December 11, 2000 Vol. V, No. 8

NCOD Staff Member Chosen for $10,000 Leadership Award

Honor Follows Lauren Teruel's Selection as Miss Deaf America

Cal State Northridge staff member Lauren Teruel, the reigning Miss Deaf America for 2000-2002,(right) has been chosen to receive a $10,000 leadership award from the Washington, D.C.-based American Association of People with Disabilities (AAPD).

Teruel, who works in CSUN's renowned National Center on Deafness (NCOD), is one of 11 people with disabilities selected this year to receive the prestigious Paul G. Hearne/AAPD Leadership Awards. The awards were presented Friday, December 8, in Washington D.C.

Teruel, 22, who plans to save the money for attending graduate school, said she was ecstatic upon learning of the award. "I clapped my face with my hands and jumped up and down," she said. "This year definitely is the year for me. This really is turning out to be my millennium."

The Chicago native, who graduated from CSUN in May as an English major with an emphasis in creative writing, bested 24 other contestants from across the country in July to be chosen as the new Miss Deaf America. As such, she is a role model for the nation's 28 million deaf and hard-of-hearing residents.

Teruel's latest award comes from AAPD, a national organization that promotes political and economic empowerment for the more than 56 million U.S. children and adults with disabilities. The AAPD leadership awards program was established in 1999 in honor of Hearne, the founder of AAPD.

The awards recognize emerging leaders with disabilities who also have a positive impact on the community of people with disabilities.
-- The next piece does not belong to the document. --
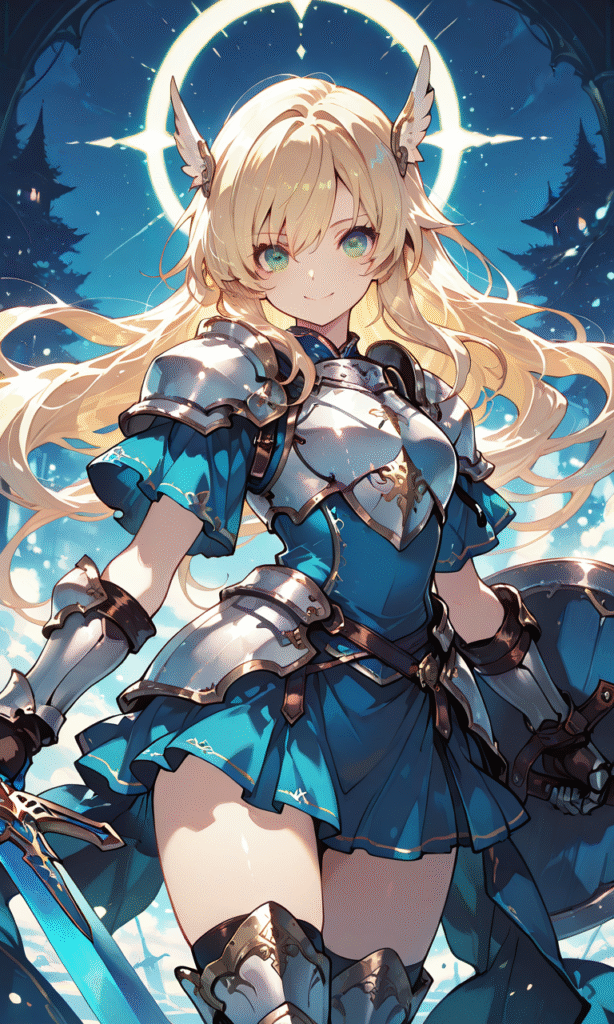 PixAI【Shiitake-Mix】1girl, blonde hair, long hair, green eyes, armored dress, silver armor, blue dress, short sleeves, miniskirt, wing hair ornament, armored legwear, gauntlet, smile, looking at viewer, cowboy shot, masterpiece, high quality, high resolution, large shield, blue shield, serious, blue night, hyper-detailed, high contrast, depth of field, ray tracing, best lighting, cinematic composition, beautiful face, beautiful eyes, sharp focus, (masterpiece:1.2), (best quality:1.2), (very aesthetic:1.2), (absurdres:1.2), (detailed background), tokiame, Fantasy Scene

Teruel and the other recipients each will be paired with a nationally recognized leader in the disability community who will support them through mentoring.
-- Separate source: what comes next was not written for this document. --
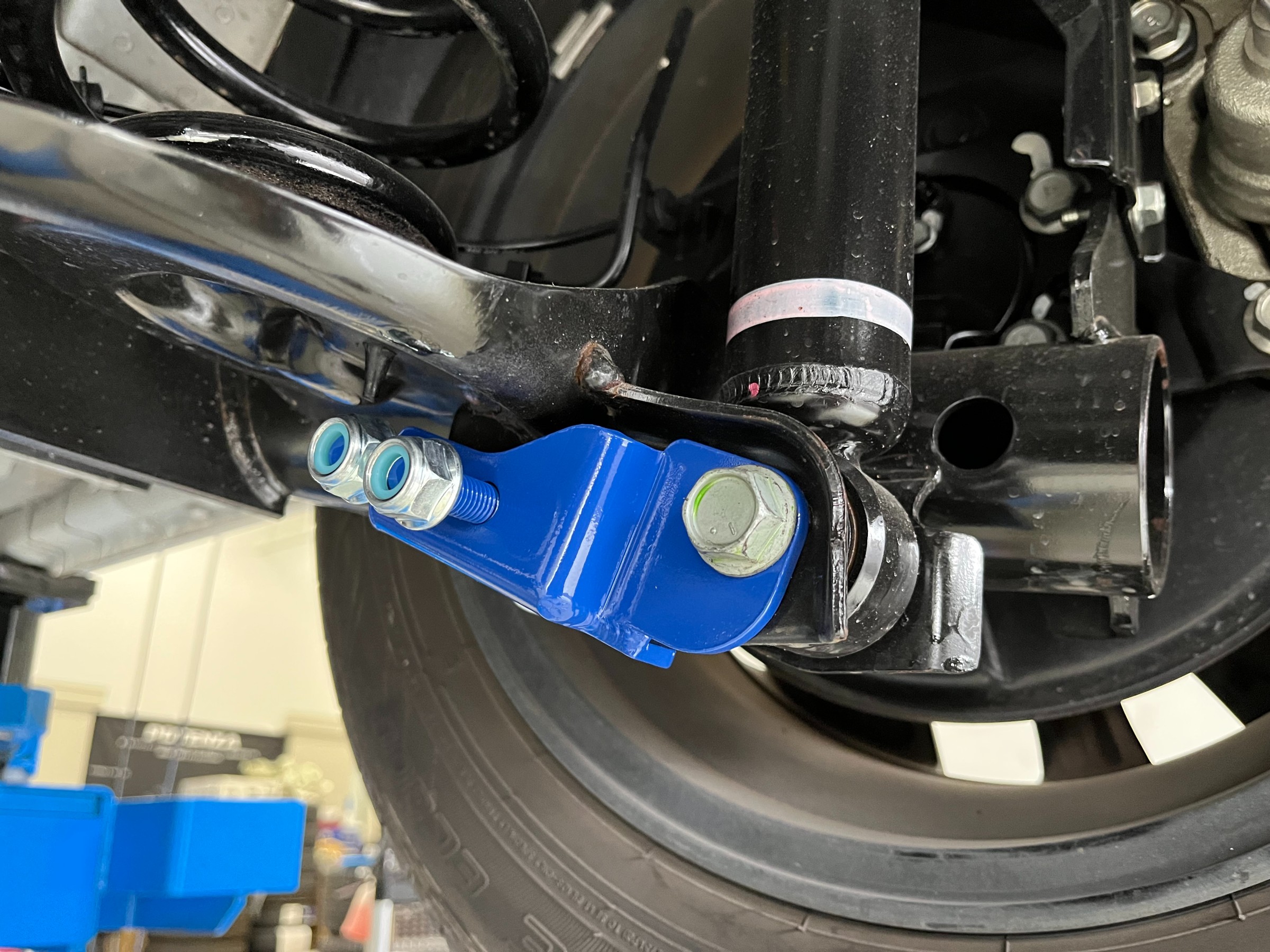 左右に伸びている青色のバーが今回お取り付けした商品です。

Teruel learned of the competition through her involvement in the Miss Deaf America program, and was chosen by AAPD from among hundreds of applicants. Teruel and her father attended the AAPD awards ceremony at the Grand Hyatt Washington Hotel.

Teruel is planning to pursue a graduate degree in journalism, hoping to write about her experiences. She said she also hopes to improve the quality of education for deaf students, increase job opportunities for deaf people and improve access in public places.

Teruel is an associate project coordinator at CSUN's National Center on Deafness, which provides sign language interpreting and other specialized services to nearly 300 deaf students on campus. CSUN and NCOD serve the largest university population of deaf students in the western United States.